Feart Itself is fairly above average for low budget horror, but you really have to be patient with it. In fact, I have to say the filmmaker, the man behind the middling Laid to Rest movies, requests an unreasonable amount of patience from his viewers. It does not help that movie's production design is atrocious, all neon green lights and phony looking scientific equipment that reminds of the worst elements of 80's horror.
That's the bad part. The good part is that movie has a really good cast behind it. Robert Englund, in a role very different from his mad scientist portrayal in the original Fear Itself series, does a really good job as the benevolent but uncertain doctor. The female lead, Fiona Dourif (who was last seen costarring with her father Brad Dourif in Curse of Chucky) is an outstanding and unconventional horror heroine, more believably smart and capable than most of the female leads in these types of movies. Thomas Dekker also does a fantastic job portraying a troubled young man with a traumatic brain injury. Rounding out the cast are mostly adequate, if not entirely impressive, supporting players like Kevin Gage (Strangeland, Heat) as a crotchety maintenance man, Corey Taylor (that's right, the lead singer of Slipknot and Stone Sour in his first film, and he probably shouldn't quit his day job) as the hotheaded chief orderly, and several vaguely familiar actors as the other patients.

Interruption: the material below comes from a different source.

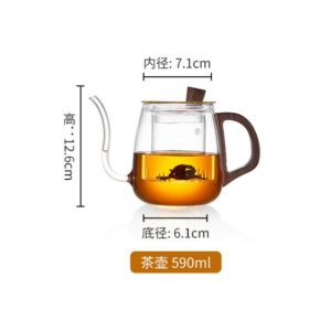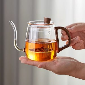 This teapot with filter is beautifully crafted with a transparent glass body, showcasing the rich colors of your tea as it brews. The gooseneck spout is specially designed for controlled pouring, making it ideal for pour-over tea brewing techniques. The ergonomic wooden handle adds a rustic touch, enhancing the teapot’s overall elegance. The visual beauty of the teapot makes it a great centerpiece for tea time with friends and family. It’s a perfect blend of functionality and style, and will make your tea brewing experience both enjoyable and aesthetically pleasing. Pair it with a clear glass tea set for a complete collection.

The cast, along with a really solid third act that includes a genuinely surprising twist and some cool creature FX from Robert Kurtzman, make this worth watching for horror fans, but just barely. The movie has major pacing problems, a weak first half, and can never overcome its low budget trappings but it shows glimmers of promise from almost everyone involved making this a more or less entertaining, watchable low budget horror movie.